Упустить такой случай, Ватсон, было невозможно. И я лишь прикинул, пуститься ли мне туда бегом или прицепиться сзади к ее ландо. Но тут на улице появился кеб. Извозчик с сомнением взглянул на такого оборванного пассажира, только я вскочил в кеб, прежде чем он успел рот открыть. «Церковь Святой Моники, – сказал я, – и полсоверена, если ты доедешь туда за двадцать минут». Было без двадцати пяти минут двенадцать, и, разумеется, причина спешки была яснее ясного.

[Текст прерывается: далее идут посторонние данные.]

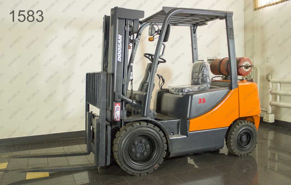 Газовый автопогрузчик Doosan Б/У с интентарным номером 1583 2007 года выпуска. Состояние - Хорошее. Имеет грузоподъемность 3500 кг. Гарантия: 3 мес или 500 м/час.

Мой извозчик гнал вовсю. По-моему, я никогда еще не ездил так быстро, но они доехали туда быстрее нас. Когда я достиг дверей церкви, кеб и ландо уже стояли там и от лошадей валил пар. Я заплатил извозчику и кинулся в церковь. Там не было никого, кроме тех, за кем я гнался, и священника в облачении, который как будто их в чем-то убеждал. Они стояли тесной кучкой у аналоя. Я неторопливо побрел по боковому проходу, точно зевака, случайно зашедший в церковь. Внезапно, к моему изумлению, троица у аналоя обернулась в мою сторону, и Годфри Нортон устремился мне навстречу.
«Слава Богу! – воскликнул он. – Вы годитесь. Идите же, идите!»
«Чего?» – спросил я.
«Идите, идите, идите же! Остается всего три минуты, или это будет незаконно».
Меня буквально поволокли к аналою, и я не успел опомниться, как уже бормотал ответы, нашептывавшиеся мне на ухо, и ручался за что-то, о чем понятия не имел, и, короче говоря, помогал скрепить узы, связавшие Ирен Адлер, девицу, с Годфри Нортоном, холостяком. Все завершилось в мгновение ока, и вот уже джентльмен благодарит меня с одного бока, а дама с другого, священник же сияет на меня улыбкой спереди. В жизни я не попадал в такое нелепейшее положение. При воспоминании о нем я и расхохотался только что. Оказалось, в их разрешение на брак вкралась какая-то ошибка и священник наотрез отказывался поженить их без хоть какого-то свидетеля, так что мое счастливое появление избавило жениха от необходимости бежать на улицу в поисках шафера. Новобрачная дала мне соверен, и я собираюсь носить его на часовой цепочке в память об этом событии.